Edgar de Wit
When ING published an e-book calling on the accountancy profession to seriously embrace AI, we were intrigued (see "ING over AI in de accountancy").
Automation through AI seems to be the answer to the rising regulatory pressure, combined with an increase in talent shortages. But is it really, though?
In a related Linkedin post, Daniel Traynor described how he built an AI agent for his accounts payable department. The agent scans incoming emails, extracts invoices, checks them for the correct PO number, and saves them to a shared drive for processing. Of course, we would still have to do a quick review once a day or week or so, to check if there’s anything out of the ordinary, but if that’s all, that would mean a serious 90% reduction in manual work.
Ironically, perhaps jobs are not at risk here but even more so are the apps, which we use nowadays for said tasks.
AI has always been around in some form (after all, it's a broad term), but with AI assistants and agents becoming easier to use, even finance professionals without a tech background can now benefit.

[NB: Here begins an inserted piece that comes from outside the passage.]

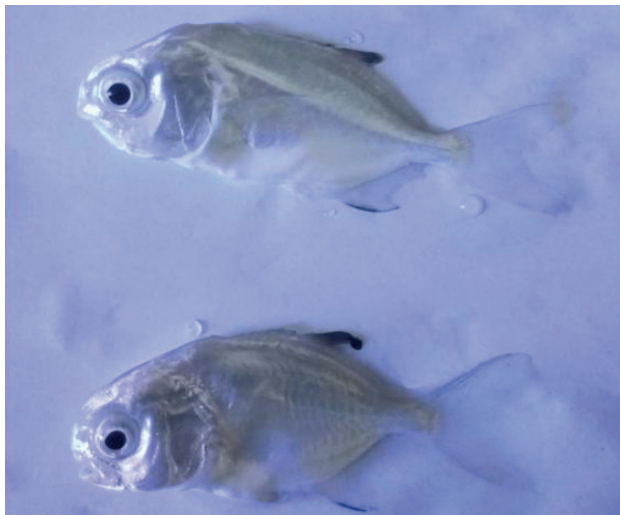
Fig. 1. Amyloodinium sp. infected juveniles of Trachinotus blochii showing emaciated body

formalin bath treatment for 3 consecutive days and this was effective against amyloodiniosis . Copper sulphate at the rate of 0.2 ppm is reported for treating Amyloodinium sp. in marine ornamental fishes. Therefore, in the present study some fishes were treated with copper sulphate at the rate of 0.2 ppm but it was not as effective as other drugs in snubnose pompano. Use of copper sulphate is also not advisable in food fish due to its ichthyotoxic / algicidal nature and accidentally if the level goes beyond 0.2 ppm may cause mass mortality of fishes. Besides other methods, freshwater dip treatment is an effective option during the initial stages of infestation. The fish with initial stages of infestation responded to the treatment but advanced stage of infested fish succumbed to acute mortality. Further in the bio-filter connected re-circulatory tanks, the fishes were heavily infested than in the rearing tanks without biofilter due to the reason that the bio-filter retains the encysted tomonts that later proliferate into dinospores. Hence, installation of ozonizers and UV sterilizers for intake seawater treatment along with periodical cleaning of rearing tanks with liquid bleach may keep away the amyloodiniosis infections from the marine fish hatchery.

We see this at XLReporting as well. We’ve introduced an AI Assistant that helps clean, organize, and enrich datasets. Say, you want to implement a new reporting structure on top of your existing chart of accounts. Our assistant analyzes your classifications and naming, then proposes and configures the new reporting layout.
You can also use AI inside your reporting process. For example, generate a consolidated report by cost center and then ask the AI Assistant to generate a 500-word commentary.
Yes, that is very impressive from an efficiency point of view, but what we were most intrigued by, are the new insights that surface.
Instead of riding the wave of fear that AI is replacing ‘us’, instead we like to view it as an analytical co-pilot, so to speak. After all, this is exactly what us financial professionals do best: Interpret, decide and lead.